Those words still echo in my head like a cursed bell. My heart sank immediately.
“I never set out to destroy anyone’s marriage,” I whispered to myself as I sat in my one-room apartment, staring at her last message, ‘I’m late. I think I’m pregnant.’
It all started innocently, or so I told myself. I joined the church choir two years ago, fresh out of a messy breakup. I was always there for midweek services, rehearsals, and the occasional late-night prayer meetings.
Sister Ada, the Pastor’s wife, was our choir leader; she was warm, kind and oh so beautiful. I would always remind myself that this woman was married to the pastor, therefore, untouchable.
Her husband, Pastor Emmanuel, was the kind everyone adored. He was a fiery preacher and devoted leader, but he was never really present. He travelled constantly, leaving her to handle most of the church’s activities.

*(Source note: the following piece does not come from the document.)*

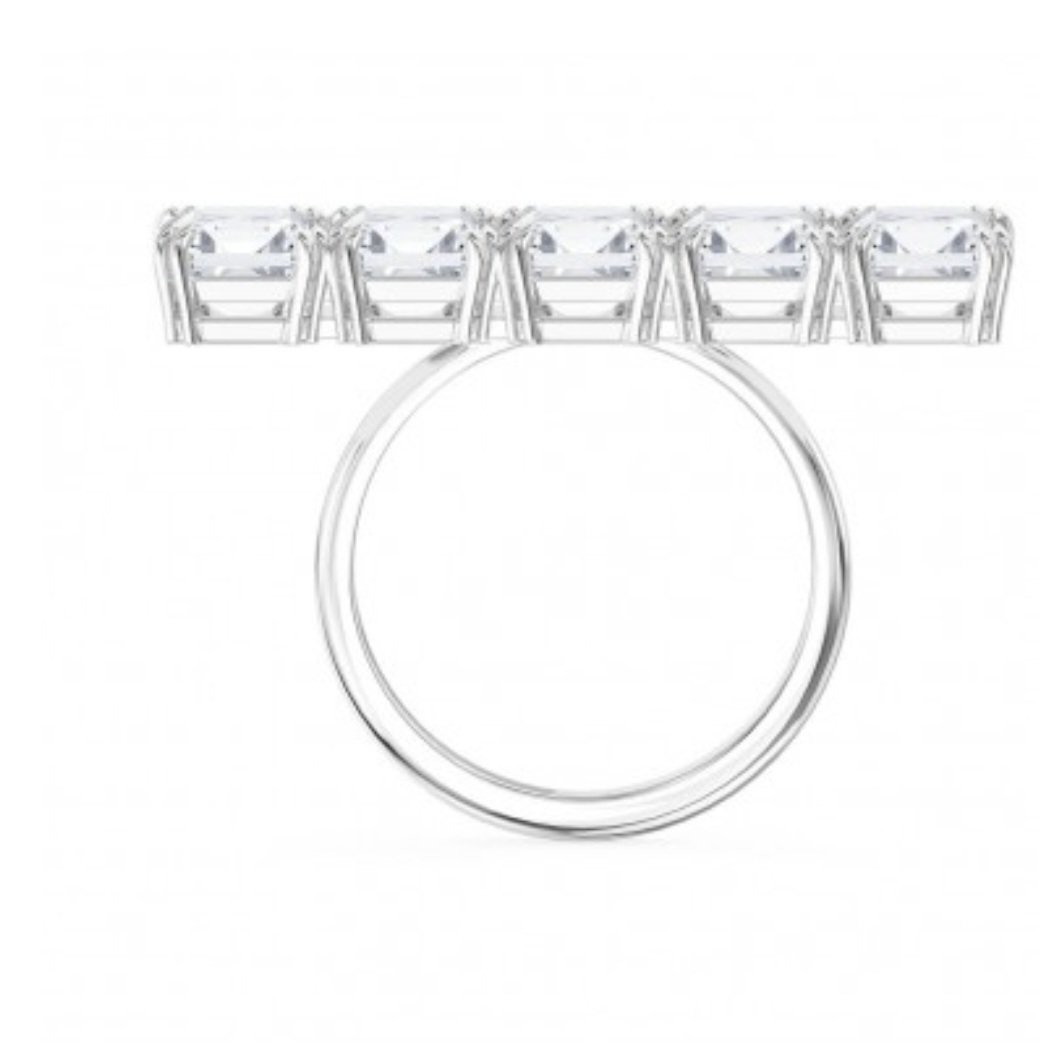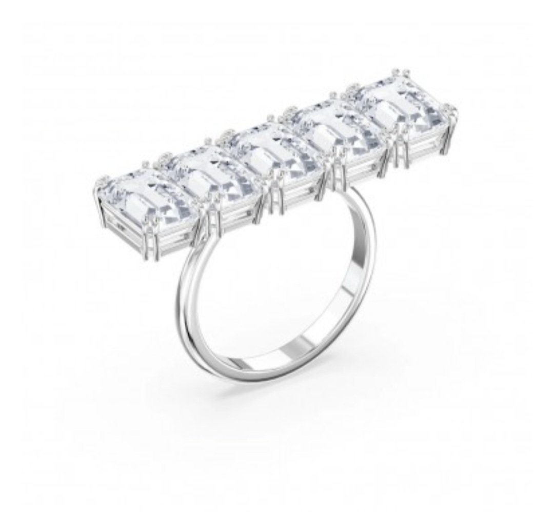 Gioiello Swarovski collezione Millenia, con le sue linee pulite e l’equilibrio perfetto, questo anello d’ispirazione geometrica è il trionfo del minimalismo moderno. Sfoggiando cristalli trasparenti taglio octagon in una serie di montature ad artiglio placcate in rodio, può essere indossato con tutto e niente, di giorno e di sera. Questo anello fa parte della serie Millenia ed è firmato dal Direttore creativo Giovanna Engelbert per la Collezione I.

The closeness began with late-night calls about choir arrangements, then her checking on me when I missed rehearsals. “You need someone to talk to,” she’d say. Before I knew it, we were sharing secrets, then laughter, and one rainy night after vigil, a kiss.
I should have walked away. It felt so wrong, but I couldn’t stop myself.
The affair lasted six months. We met in discreet hotels, sometimes in her car after midweek service. I was blinded by the thrill, by her attention, by the forbidden nature of it all. Until the day she said, “I’ve missed my period. What are we going to do?”
My heart sank. We? There was no we. She had a husband, a congregation, a reputation. I begged her to consider a discreet solution, but she said, “I won’t kill my child.”
Now, I’m living in fear. She’s three months gone, and her belly is starting to show. Her husband suspects nothing yet, but how long before he starts counting months? She says she’ll tell him the child is his, but what if it doesn’t look like him?
Sometimes I lie awake, drenched in guilt and panic, thinking about leaving the church, even the city. “You brought this on yourself,” a friend told me when I confided in him. Maybe I did.
If this blows up, it won’t just ruin her marriage; it could destroy the church, and me with it. I keep asking myself, was the pleasure worth this kind of torment?